One illustration of the difference between small-market teams and major-market teams is ticket prices. Tickets for individual Grizzlies games for 2012-2013 are priced at $5 to $227. The New York Knicks, one of the NBA haves, sold out their season tickets this year before the games began. The cheapest ticket to a game this season is $10, the most expensive is $1,900.

Given the low per-capita income in Memphis, one of the goals of NBA NOW, the local group that brought the Grizzlies here, was keeping tickets affordable at all levels of the arena.

“The flip side of our relatively low average ticket price is that we probably have the most integrated crowd in the league,” Kane said.

The Grizzlies hope to duplicate the success of San Antonio and Oklahoma City as profitable winners and civic icons in cities with a single major-league team. Memphis got a taste of that last year when the Grizzlies lost in the seventh game of the second round of the NBA Playoffs.

“Memphis probably needs the Grizzlies more than the Grizzlies need Memphis,” Kane said. “The Grizzlies are a strategic asset for the region, like FedEx, AutoZone, MLGW, or the airport.”

The board has three goals: increase season ticket sales by 3,000 next year; advise the Grizzlies as to what local activities they should be more involved with; and be ready to present either a local ownership group or an out-of-town owner who would keep the team in Memphis.

In the financing projections for FedExForum, average attendance was pegged at 14,900. The team drew 16,862 fans per game in 2004-2005, the first year in the new arena, But in 2008 the Grizzlies were 29th in the league in attendance at 12,770. This year, the team is averaging 15,490 in announced attendance, which ranks 21st in the league. Under the new collective bargaining agreement, teams can earn $20 million a year in revenue sharing if they meet certain attendance goals.

Others at the meeting were Stan Meadows, Chris Wallace, and Greg Campbell representing Heisley and the Grizzlies and Memphians Pitt Hyde (a minority owner), Henry Turley, Bryan Jordan, Lawrence Plummer, Billy Orgel, Otis Sanford, Bob Henning, Duncan Williams, and Joe Hall, the head of a public relations firm in Nashville that worked with NBA NOW 11 years ago. Absent were Staley Cates, Willie Gregory, and Beverly Robertson.

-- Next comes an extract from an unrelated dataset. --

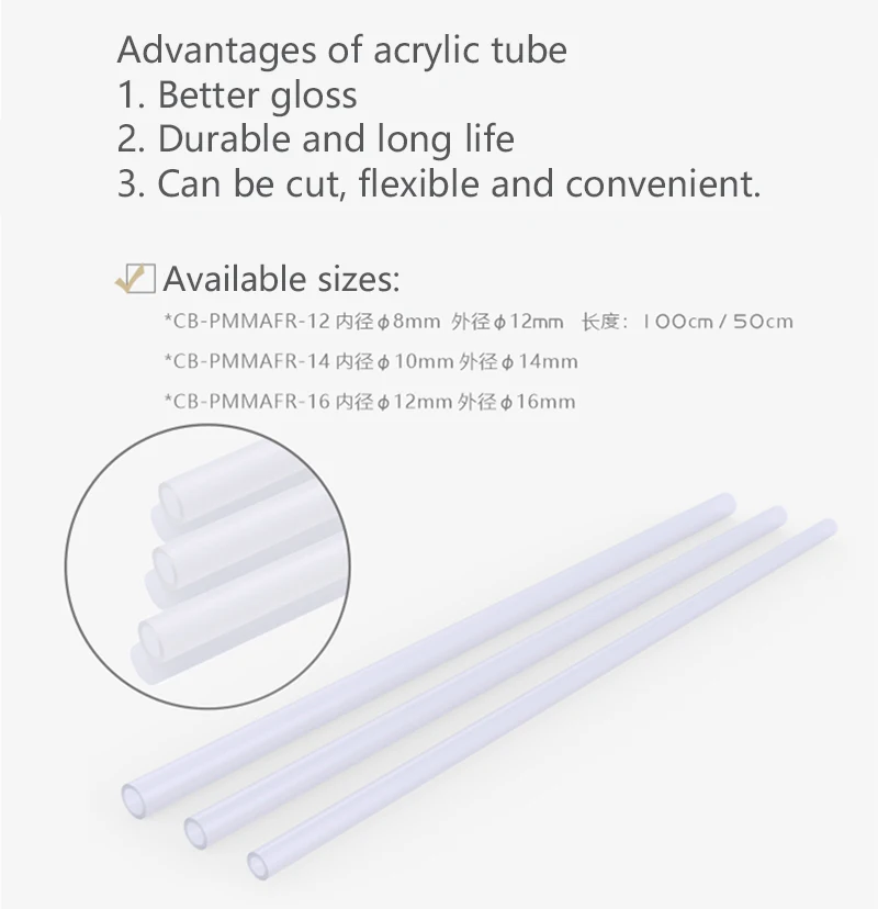 BYKSKI 4 шт.лот ЖесткаяПММАакриловая матовая жесткая трубка (OD12mmOD14mm OD16mm ) + толщина 2 мм + длина 50 см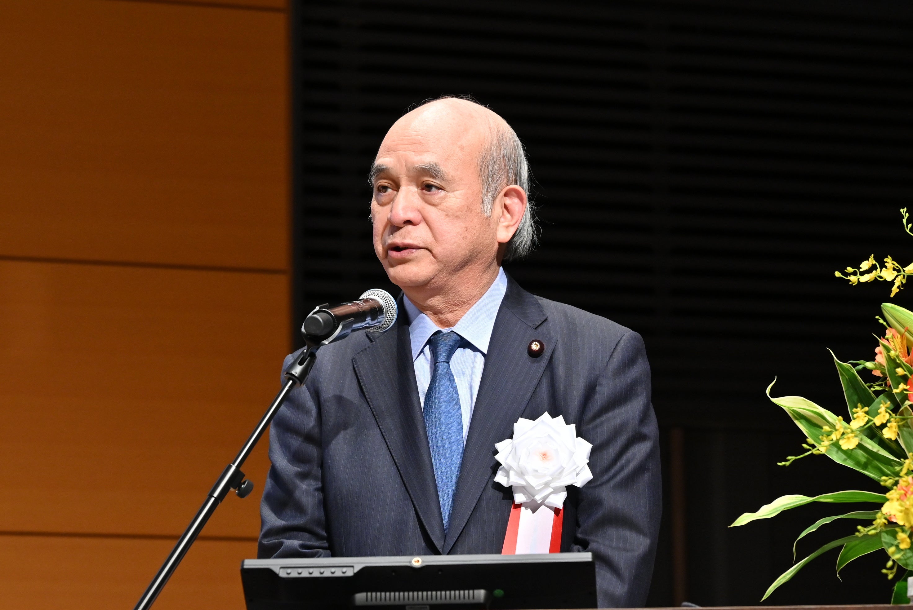 つづいて、主催者を代表して、総務省 柘植芳文副大臣より挨拶を行いました。

“Season ticket sales are going to be dependent on local small- to medium-size companies,” Williams said. “Our New York Stock Exchange companies are doing what they need to do.”

Duncan Williams Inc., a financial firm, was involved in the underwriting for the FedExForum bonds and has eight season tickets in a club box, at courtside, and on the floor.

Board members asked if the Grizzlies can co-exist and prosper with the Memphis Tigers. Kane paraphrased Heisley as saying that John Calipari helped bring the team here and “you will never hear me say the University of Memphis is taking away from the Grizzlies.”

Board members noted that most of the players don’t live in Memphis in the offseason. They invoked the name of Shane Battier, the popular player who was not offered a new contract last year. Heisley reportedly said he is a Battier admirer and would gladly have him running one of his companies.